Мама замолчала, как всегда умолкала она, если кто-нибудь в чем-нибудь – хотя бы в пустяке! – не признавал ее властной силы. Я приходила с улицы не домой, а в какую-то сурдокамеру, так, кажется, это называется. Мама говорила с Олей, говорила с Сережей, говорила с Татьяной, Татьяна говорила с Олей, Оля с Сережей, и никто из них не говорил со мной.

Когда я пробовала заговорить с мамой, она произносила жестким голосом:

– Ты останешься здесь!

Я спрашивала, к примеру, включая телевизор:

– Посмотрим этот фильм?

А мама неизменно произносила одно и то же:

– Ты останешься здесь!

– Но у меня в руках распределение!

– Ты останешься здесь!

– Это же бесчестно! Мы договорились всей группой! Меня, наконец, ждут!

– Ты останешься здесь!

И это еще в лучшем случае. Мама разговорилась. А то просто молчит. Молчание гораздо тяжелее. Оно давит на сердце, на душу, на голову. Где-то в области затылка. И кажется, лучше сделать, как она требует, только бы не эта тишина.

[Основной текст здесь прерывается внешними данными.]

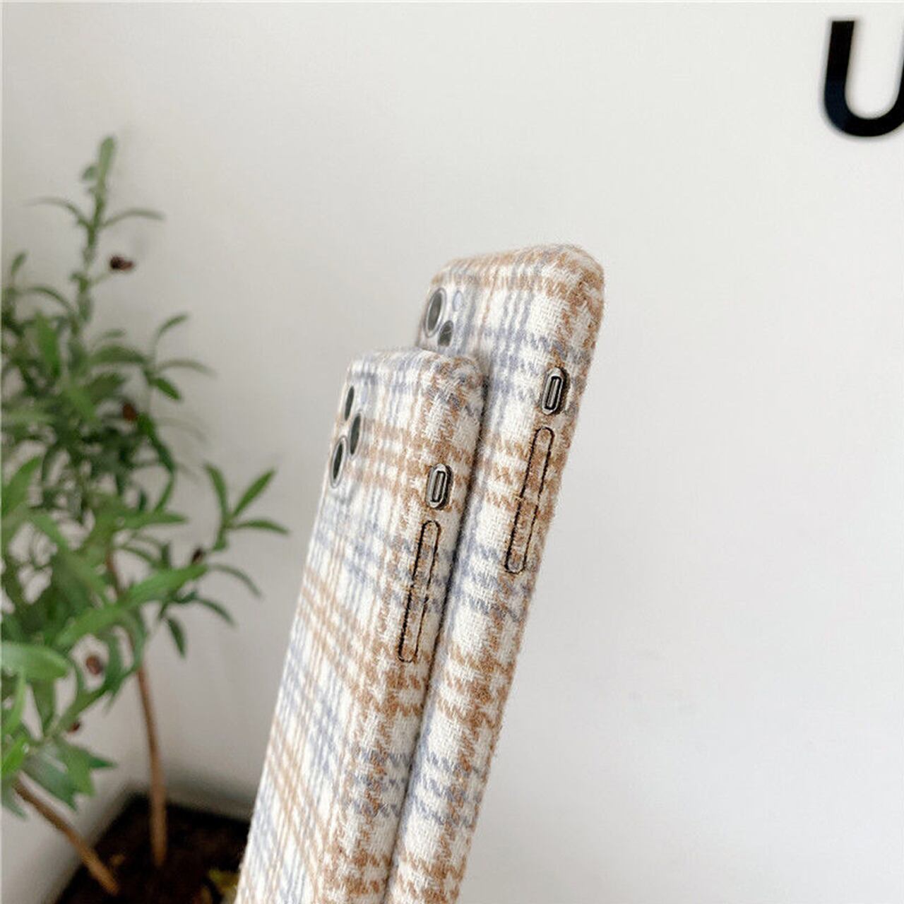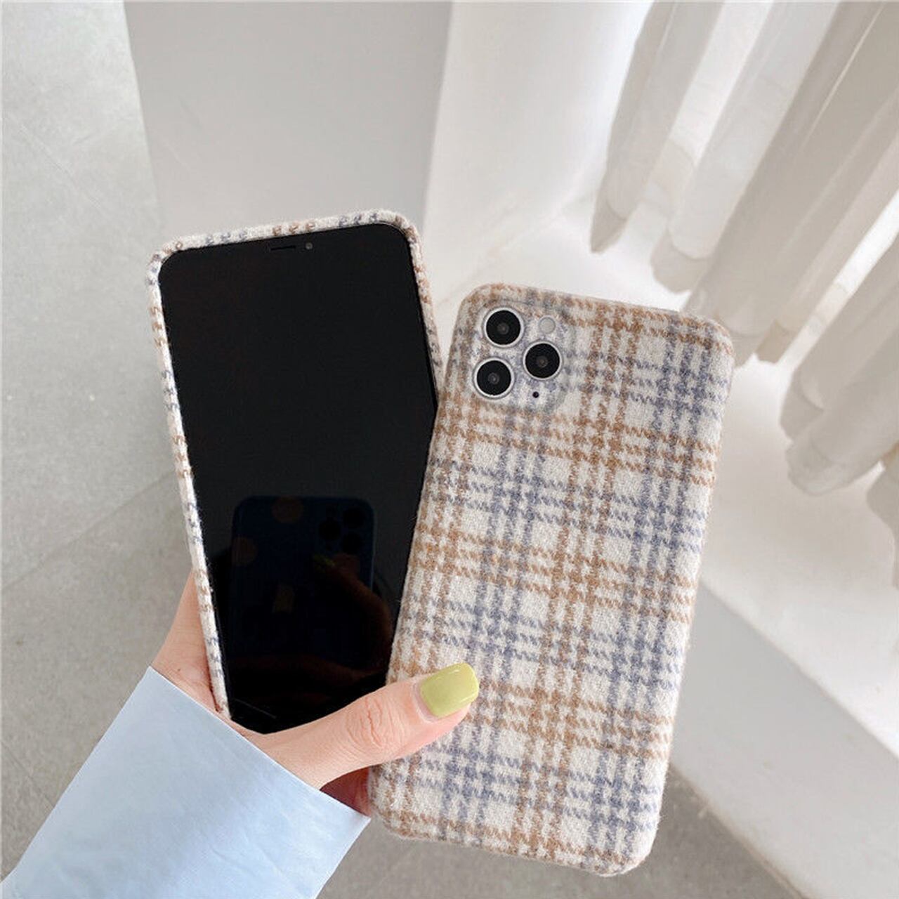 レトロな少し起毛のあるチェック生地で包まれたスマホケース~

Я так всегда и делала. «В магазин?» – «Не гулять с мальчиком таким-то?» – «Хорошо, мамочка дорогая, как скажешь!» – «Соседи по лестничной площадке нагловатые люди?» – «Можно с ними не здороваться!» И хоть лично мне ничего плохого эти соседи не сказали, не сделали, я вела себя, как хотела того мама, в зависимости от ее настроения.

Не замечая сама, я глядела на мир мамиными глазами, оценивала людей с ее точки зрения, даже телевизионным фильмам выставляла отметки по ее шкале ценностей – правда, шкала была высокая, но все-таки не моя.

Так что до институтского распределения я никогда ни о чем не спорила с мамой и никогда, таким образом, не была наказуема в отличие от Оли и Сергея, которые время от времени карались тишиной, давившей на затылок. Впрочем, легко мне жилось только до встречи с Кириллом.